Woordpakket 9 Hond: (je hoort een t, maar je schrijft een d. Als je het woord langer maakt en je hoort een d, dan schrijf je een d aan het eind > honden). Armband, geld, goedkoop, hemd, hoed, iemand, kind, kleed, lied, mand, pond, schuld, stad, veld, vijand, vreemd, waard, wild, wind, zaad Jager: >Verdeel het woord in klankgroepen: ja ger. > Hoor je aan het einde van de eerste klankgroep een lange klank (aa, ee, oo of uu?), dan schrijf je a, e, o of u. Ezelsbruggetje: Klinkt de klinker lang? Dan gaat er eentje naar de gang! Avond, beter, bodem, boter, dader, deken, hamer, jager, kleren, kogel, leraar, meter, muziek, neger, olie, regen, slager, tomaat, toneel, water Apen: Apen, beren, broden, dagen, draden, ogen, platen, sloten, schuren, vragen Bakker: > Verdeel het woord in klankgroepen. > Hoor je aan het einde van een klankgroep een korte klank (a, e, i, o, u) dan schrijf je er twee dezelfde medeklinkers achter. Ezelsbruggetje: Klinkt de klinker kort, dan krijg je twee medeklinkers op je bord. Allemaal, appel, bakker, binnen, emmer, jullie, kapper, kassa, lekker, spullen Hoe kun je goed oefenen? Lees een woord hardop. Denk aan de spellingregel: hoe schrijf je het? Dek het af. Schrijf het woord op. Controleer of je het woord goed geschreven hebt. Het is leuker om samen met een vriend(innet)je te oefenen.

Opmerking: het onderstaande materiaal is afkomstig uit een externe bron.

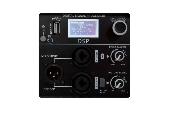Equipada con DSP integrado y 4 preajustes de ecualización (Normal, Pop, Jazz y Classic), permite ajustar fácilmente la respuesta sonora según el tipo de música o el entorno, garantizando siempre la mejor experiencia auditiva. Su respuesta de frecuencia de 40 Hz a 16 kHz (+/- 6 dB) asegura graves profundos, medios claros y agudos precisos, mientras que el woofer de 12 pulgadas y el driver de 1,75″ de ferrita reproducen cada detalle con fidelidad profesional.

Woordpakket 10 Jager: >Verdeel het woord in klankgroepen: ja ger. > Hoor je aan het einde van de eerste klankgroep een lange klank (aa, ee, oo of uu?), dan schrijf je a, e, o of u. Ezelsbruggetje: Klinkt de klinker lang? Dan gaat er eentje naar de gang! Adem, boven, dame, even, grootvader, haven, hemel, hotel, kamer, koper, lezer, lokaal, mager, motor, najaar, open, overal, tegen, wapen, zadel. Ballen: > Verdeel het woord in klankgroepen. > Hoor je aan het einde van een klankgroep een korte klank (a, e, i, o, u) dan schrijf je er twee dezelfde medeklinkers achter. Ezelsbruggetje: Klinkt de klinker kort, dan krijg je twee medeklinkers op je bord. Ballen, blokken, bommen, bossen, brillen, bruggen, bussen, sokken, spinnen, steppen, tikken, trappen. Keuken: > Verdeel het woord in klankgroepen. > Hoor je aan het eind van een klankgroep een tweetekenklank (eu, ui, oe, ou, ie) dan schrijf je op wat je hoort. Buiten, ieder, keuken, moeder, vleugel, vlieger, vroeger, zieke. Boeken: Bij een meervoud hoor je aan het eind un, maar je schrijft en. Boek (enkelvoud) boeken (meervoud). Boeken, boeren, fluiten, fouten, hoeden, kleuren, kousen, mouwen, scheuren, schoenen. Hoe kun je goed oefenen? Lees een woord hardop. Denk aan de spellingregel: hoe schrijf je het? Dek het af. Schrijf het woord op. Controleer of je het woord goed geschreven hebt. Het is leuker om samen met een vriend(innet)je te oefenen.